• TASK TO COMPLETE: Give back the lines of the entries below exactly as written, from the first line to the line holding "We finally made", both included, with the pictures omitted.

• SOURCE DATA:
▬▬▬

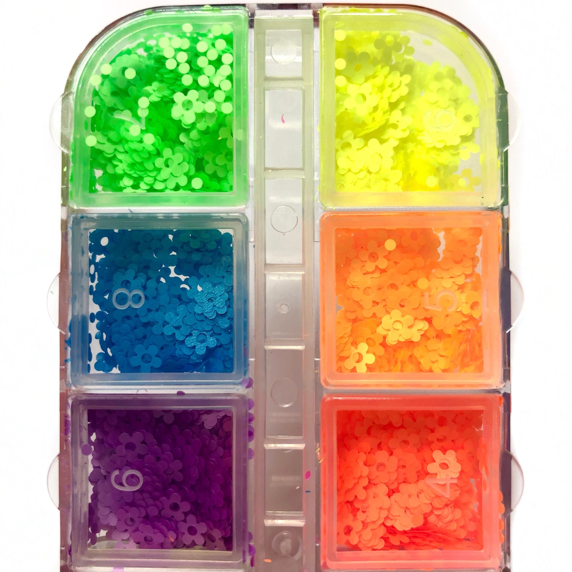12 slots of neon daisy glitters — perfect for bold, playful, and festival-inspired nail designs.
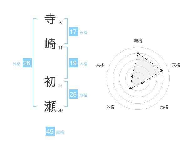 寺崎 初瀬さんの総格は45画の4点!
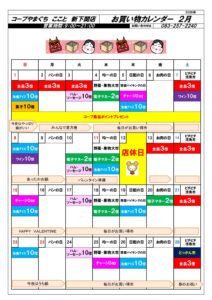 26年2月 お買物カレンダー新下関
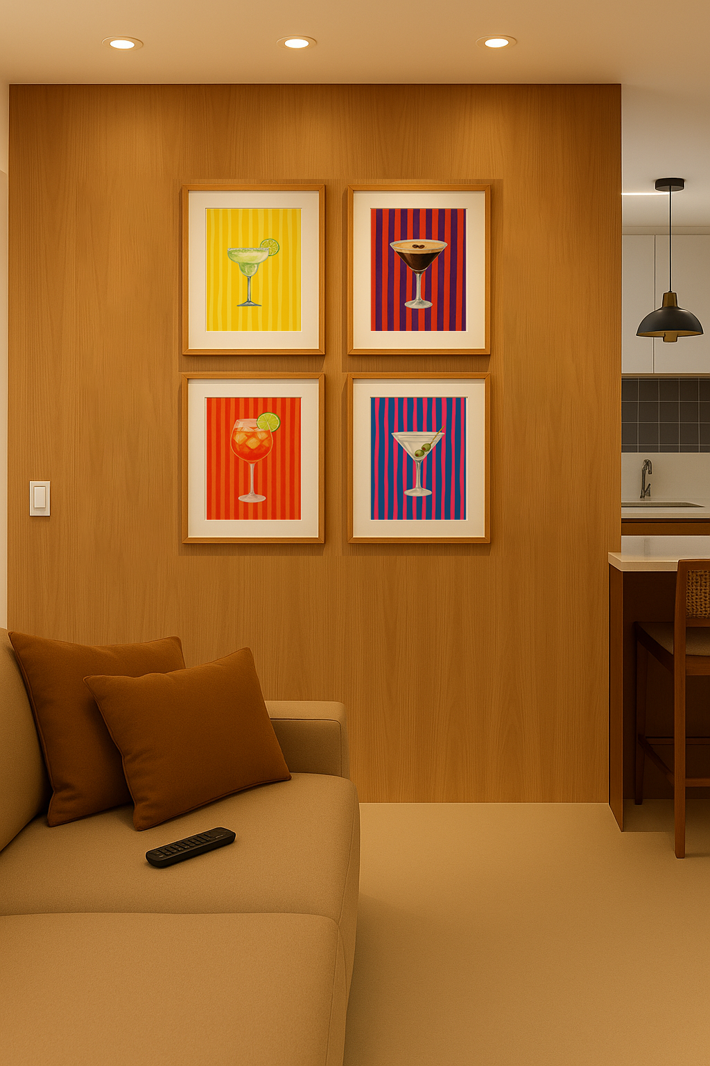 As cores contrastantes e molduras em madeira mel destacam cada arte, criando uma atmosfera festiva e moderna.
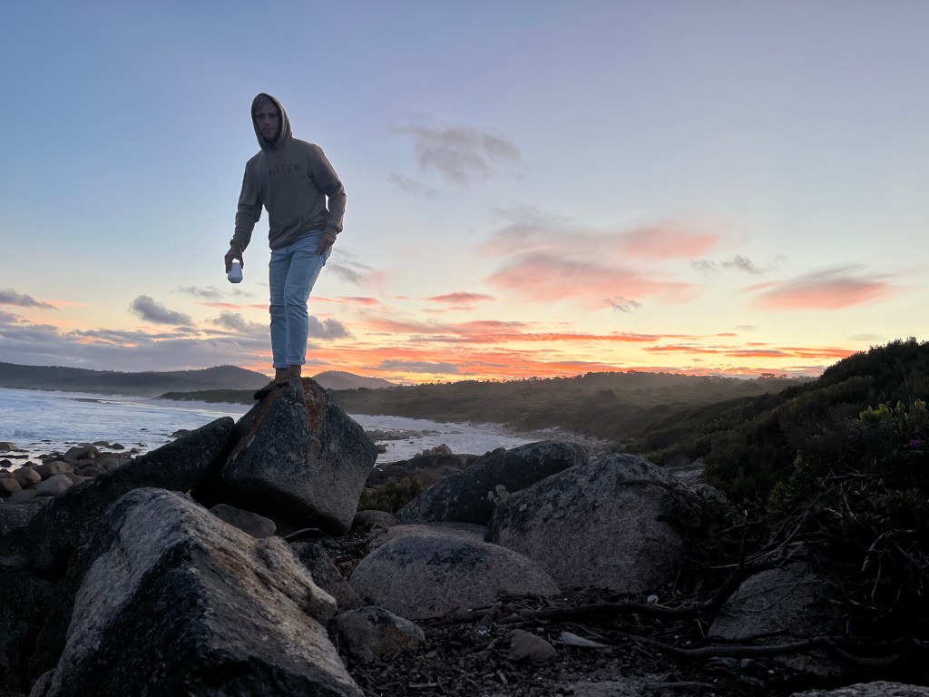 We finally made it to the coast and decided that a place called Cosy Corner in the renowned Bay of Fires region would be a nice spot to camp. Although beautiful, Cosy Corner wasn’t so Cosy in terms of the swell with an offshore Easterly bringing some big boy waves! The famous fiery orange rocks and blue water still was a sight to behold even with the rough seas.
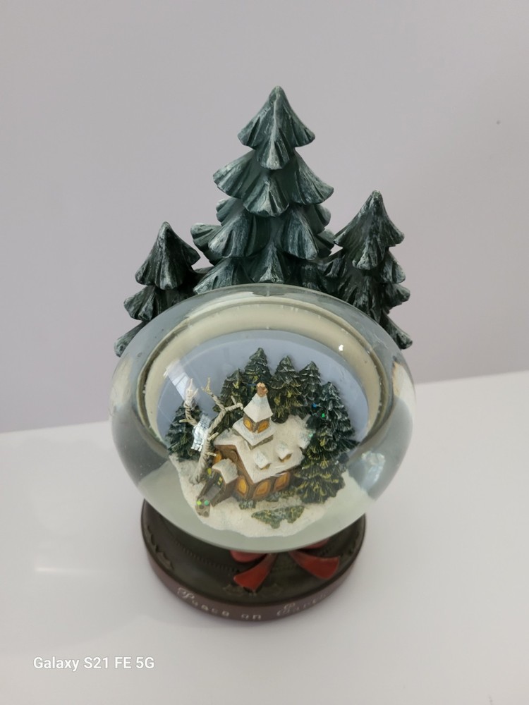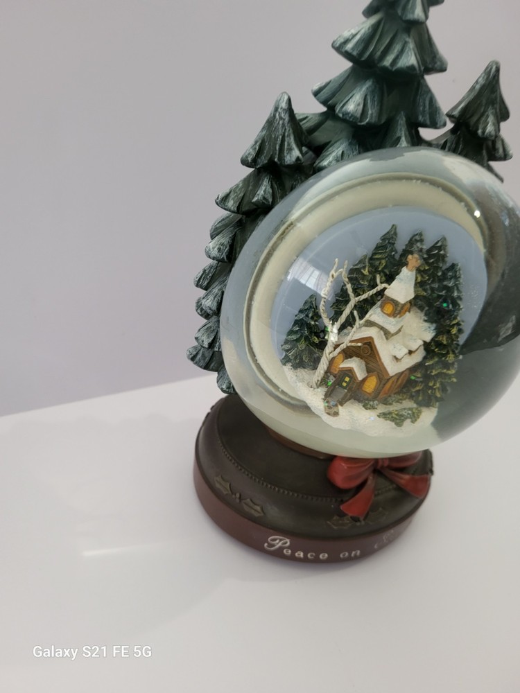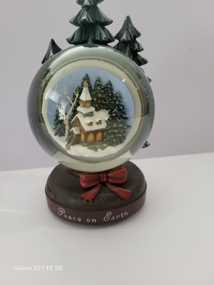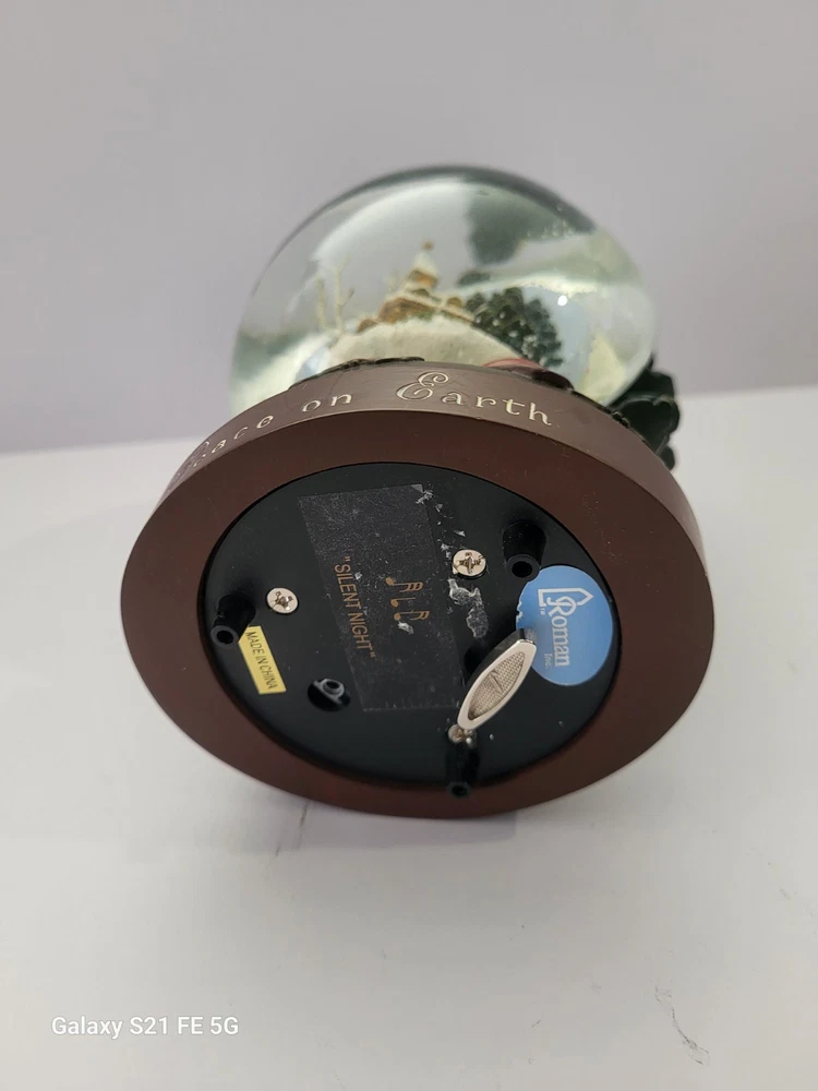 This is a vintage Roman Inc Christmas snow globe that plays the song "Silent Night" when wound up. The globe is 8 inches tall and features a multicolored snow pattern. It was manufactured in 2005 and is part of the Limited Editions collection. The globe is an original piece and has a musical feature. The theme of the globe is Christmas and it belongs to the Christmas character family.
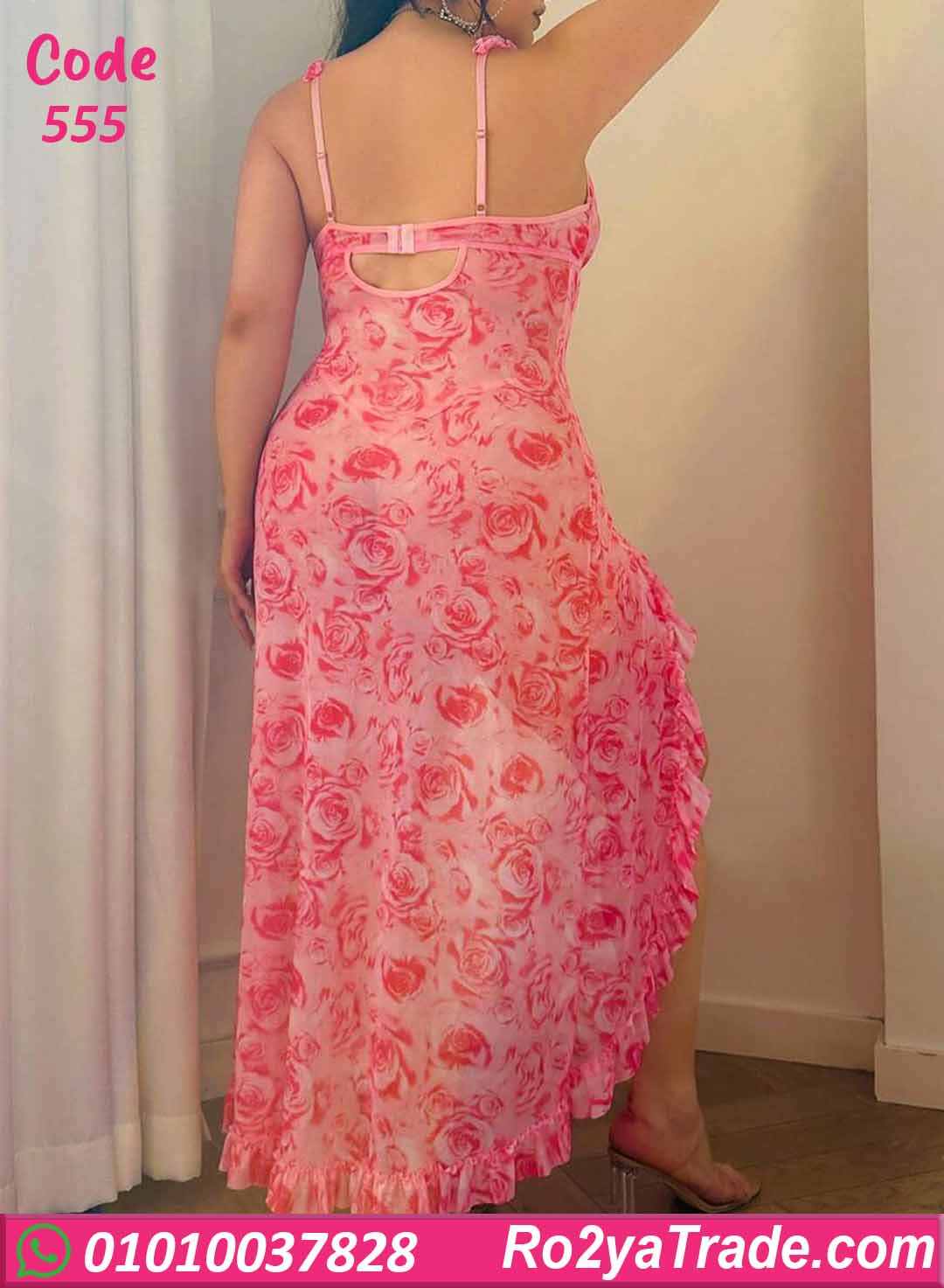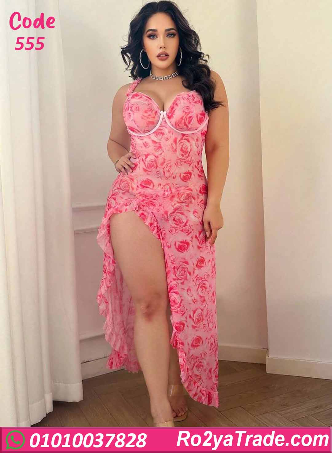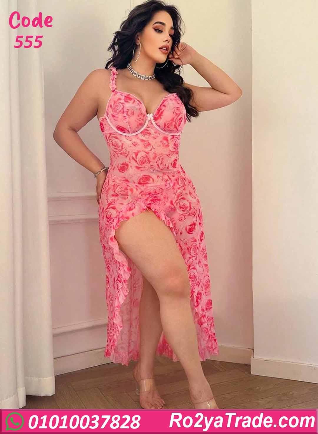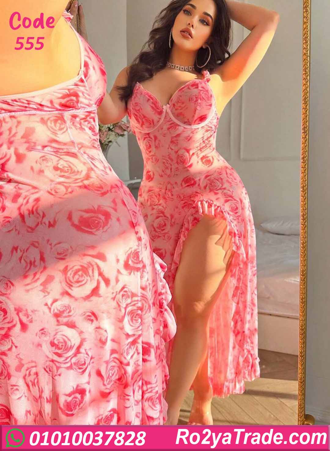 لانجري طويل كود 555 بتصميم أنثوي سكسي بطبعة ورود ناعمة مع فتحة جانبية

▬▬▬

• TASK RESULT:
12 slots of neon daisy glitters — perfect for bold, playful, and festival-inspired nail designs.
 寺崎 初瀬さんの総格は45画の4点!
 26年2月 お買物カレンダー新下関
 As cores contrastantes e molduras em madeira mel destacam cada arte, criando uma atmosfera festiva e moderna.
 We finally made it to the coast and decided that a place called Cosy Corner in the renowned Bay of Fires region would be a nice spot to camp. Although beautiful, Cosy Corner wasn’t so Cosy in terms of the swell with an offshore Easterly bringing some big boy waves! The famous fiery orange rocks and blue water still was a sight to behold even with the rough seas.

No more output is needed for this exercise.